Here is the task for the records below: repeat exactly the lines from the one with "This tie clip" to the one with "Tell PTC what", both included, and nothing else.

■ Source data:

########

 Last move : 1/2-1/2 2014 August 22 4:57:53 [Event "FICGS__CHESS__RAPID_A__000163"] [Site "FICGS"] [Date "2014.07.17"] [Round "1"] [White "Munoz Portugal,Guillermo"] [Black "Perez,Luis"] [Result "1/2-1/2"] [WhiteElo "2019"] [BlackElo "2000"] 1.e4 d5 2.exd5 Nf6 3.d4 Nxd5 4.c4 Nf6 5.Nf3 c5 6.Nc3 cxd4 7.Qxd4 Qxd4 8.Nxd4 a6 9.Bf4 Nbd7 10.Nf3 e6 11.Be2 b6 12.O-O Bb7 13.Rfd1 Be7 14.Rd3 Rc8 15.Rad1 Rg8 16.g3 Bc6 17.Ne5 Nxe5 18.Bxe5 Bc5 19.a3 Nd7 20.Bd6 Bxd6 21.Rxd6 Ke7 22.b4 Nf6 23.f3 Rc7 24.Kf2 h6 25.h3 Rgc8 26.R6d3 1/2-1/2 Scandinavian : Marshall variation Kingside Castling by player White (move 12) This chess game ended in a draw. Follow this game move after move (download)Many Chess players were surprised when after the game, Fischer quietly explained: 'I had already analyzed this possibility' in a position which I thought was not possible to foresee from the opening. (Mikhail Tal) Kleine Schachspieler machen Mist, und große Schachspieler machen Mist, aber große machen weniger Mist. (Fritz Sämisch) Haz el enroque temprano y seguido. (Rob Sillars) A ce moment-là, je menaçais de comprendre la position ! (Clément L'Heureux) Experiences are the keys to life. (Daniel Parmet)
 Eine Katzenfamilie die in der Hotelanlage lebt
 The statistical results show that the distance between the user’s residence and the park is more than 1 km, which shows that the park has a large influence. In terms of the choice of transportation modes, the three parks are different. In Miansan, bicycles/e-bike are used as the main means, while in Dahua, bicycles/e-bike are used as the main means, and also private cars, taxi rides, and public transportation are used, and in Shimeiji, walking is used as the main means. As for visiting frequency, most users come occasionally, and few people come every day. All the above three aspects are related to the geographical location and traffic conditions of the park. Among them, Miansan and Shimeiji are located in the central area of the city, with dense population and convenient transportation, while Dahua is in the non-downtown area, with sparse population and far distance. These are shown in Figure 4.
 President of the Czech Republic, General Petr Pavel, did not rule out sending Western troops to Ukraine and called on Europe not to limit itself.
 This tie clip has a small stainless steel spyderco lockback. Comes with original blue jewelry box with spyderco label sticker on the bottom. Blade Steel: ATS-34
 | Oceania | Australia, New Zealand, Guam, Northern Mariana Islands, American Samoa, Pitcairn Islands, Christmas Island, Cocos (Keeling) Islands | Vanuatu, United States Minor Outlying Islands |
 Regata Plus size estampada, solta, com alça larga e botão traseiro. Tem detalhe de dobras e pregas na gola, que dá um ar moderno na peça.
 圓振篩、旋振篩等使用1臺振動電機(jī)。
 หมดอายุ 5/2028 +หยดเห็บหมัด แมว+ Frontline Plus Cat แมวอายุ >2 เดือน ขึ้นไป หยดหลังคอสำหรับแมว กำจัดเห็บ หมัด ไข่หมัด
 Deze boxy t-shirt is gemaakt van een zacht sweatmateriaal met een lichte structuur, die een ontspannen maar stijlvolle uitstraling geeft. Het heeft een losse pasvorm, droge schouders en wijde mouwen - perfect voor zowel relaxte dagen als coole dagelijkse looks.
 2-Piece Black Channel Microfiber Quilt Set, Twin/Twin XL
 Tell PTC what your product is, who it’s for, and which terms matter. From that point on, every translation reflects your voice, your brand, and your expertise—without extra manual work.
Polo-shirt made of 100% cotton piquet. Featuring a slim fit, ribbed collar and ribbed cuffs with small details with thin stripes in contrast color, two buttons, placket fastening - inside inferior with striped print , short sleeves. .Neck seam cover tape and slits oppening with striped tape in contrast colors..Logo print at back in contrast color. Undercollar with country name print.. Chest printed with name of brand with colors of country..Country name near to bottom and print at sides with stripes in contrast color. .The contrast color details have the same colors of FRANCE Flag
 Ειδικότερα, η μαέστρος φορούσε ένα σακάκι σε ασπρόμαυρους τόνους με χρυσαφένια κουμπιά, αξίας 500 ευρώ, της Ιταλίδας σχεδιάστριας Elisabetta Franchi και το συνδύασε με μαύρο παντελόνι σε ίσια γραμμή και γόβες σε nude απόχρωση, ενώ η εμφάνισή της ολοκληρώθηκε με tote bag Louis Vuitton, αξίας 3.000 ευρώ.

########

■ Exercise answer:
 This tie clip has a small stainless steel spyderco lockback. Comes with original blue jewelry box with spyderco label sticker on the bottom. Blade Steel: ATS-34
 | Oceania | Australia, New Zealand, Guam, Northern Mariana Islands, American Samoa, Pitcairn Islands, Christmas Island, Cocos (Keeling) Islands | Vanuatu, United States Minor Outlying Islands |
 Regata Plus size estampada, solta, com alça larga e botão traseiro. Tem detalhe de dobras e pregas na gola, que dá um ar moderno na peça.
 圓振篩、旋振篩等使用1臺振動電機(jī)。
 หมดอายุ 5/2028 +หยดเห็บหมัด แมว+ Frontline Plus Cat แมวอายุ >2 เดือน ขึ้นไป หยดหลังคอสำหรับแมว กำจัดเห็บ หมัด ไข่หมัด
 Deze boxy t-shirt is gemaakt van een zacht sweatmateriaal met een lichte structuur, die een ontspannen maar stijlvolle uitstraling geeft. Het heeft een losse pasvorm, droge schouders en wijde mouwen - perfect voor zowel relaxte dagen als coole dagelijkse looks.
 2-Piece Black Channel Microfiber Quilt Set, Twin/Twin XL
 Tell PTC what your product is, who it’s for, and which terms matter. From that point on, every translation reflects your voice, your brand, and your expertise—without extra manual work.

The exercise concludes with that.